A group of horse owners have been ordered to remove their animals from public land in a seaside town or face the prospect of losing them.
About eight horses are currently grazing in the council-owned field next to the Eastlea housing estate in Newbiggin-by-the-Sea, Northumberland.
Now their removal has been ordered as part of an action plan launched by the county council to tackle problems caused by unauthorised grazing and tethering of horses on public open spaces.
The owners have been told that if their horses are not removed from the field, the animals will be taken away and impounded by bailiffs.
The action is part of a crackdown on irresponsible horse ownership in south east Northumberland, which the council says is leading to some horses running loose or being abandoned, and others causing problems after being tethered without permission on public land.
One of those affected by the clampdown in Newbiggin is Linda Melvin, 43, who lives in Eastlea and has three horses in the field.
She said: “We have been told they have to be taken off by next Monday or the council is going to lift them. We would then have to pay £2,000 per horse to get them back, otherwise, if they can’t sell them, they will probably end up in the knacker’s yard.
“We have been getting letters about this and have had to have our horses micro chipped and passported. We have been told to remove them, but there is nowhere else for us to put them. They are doing no harm and have been there for years.
“We would like a meeting with the council to talk about this, and ask how much it would cost to let the horses graze somewhere. We really fear we could lose them.

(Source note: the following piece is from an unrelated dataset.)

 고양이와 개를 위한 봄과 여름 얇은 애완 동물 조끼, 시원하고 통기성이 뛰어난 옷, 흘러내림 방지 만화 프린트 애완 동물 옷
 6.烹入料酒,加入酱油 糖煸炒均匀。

“I love my horses and so do my two children and three grandchildren.”
The problems being caused by irresponsible horse owners in south east Northumberland were raised in the House of Commons this week by Wansbeck MP Ian Lavery.

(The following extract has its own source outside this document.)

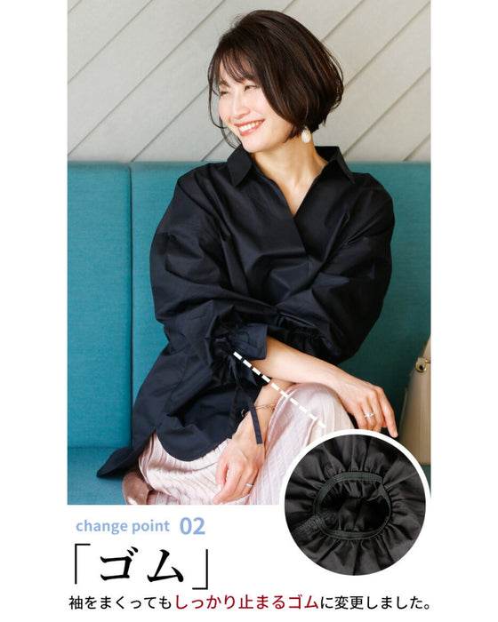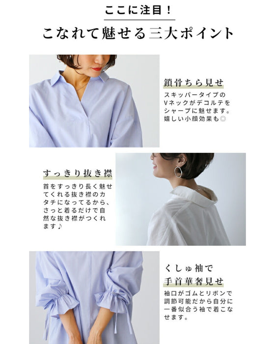 1. The skipper-type V-neck shows off your collarbone and gives your décolleté a sharp look.

He said animals were “being tethered to almost every unoccupied blade of grass“ in his constituency, and maintained there had been several incidents when horses were neglected or left to run wild in the Ashington and Newbiggin areas.
Yesterday a county council spokeswoman said the action in Newbiggin was part of a wider campaign to tackle the continuing problem of horses grazing without permission on council land. “The issue predominantly affects south east Northumberland and is causing environmental damage and public safety problems.
“Our planned actions will include continued horse micro chipping and passporting, sending warning letters to all known horse owners, the possible creation of some controlled grazing areas, and the enforced removal of horses where voluntary removal is not forthcoming.”
Problems caused by stray horses, and those grazing and tethered without permission, are said to have “deteriorated significantly” this year.
Earlier this year an emaciated and distressed pony had to be put to sleep by a vet after being found collapsed on wasteland in Newbiggin.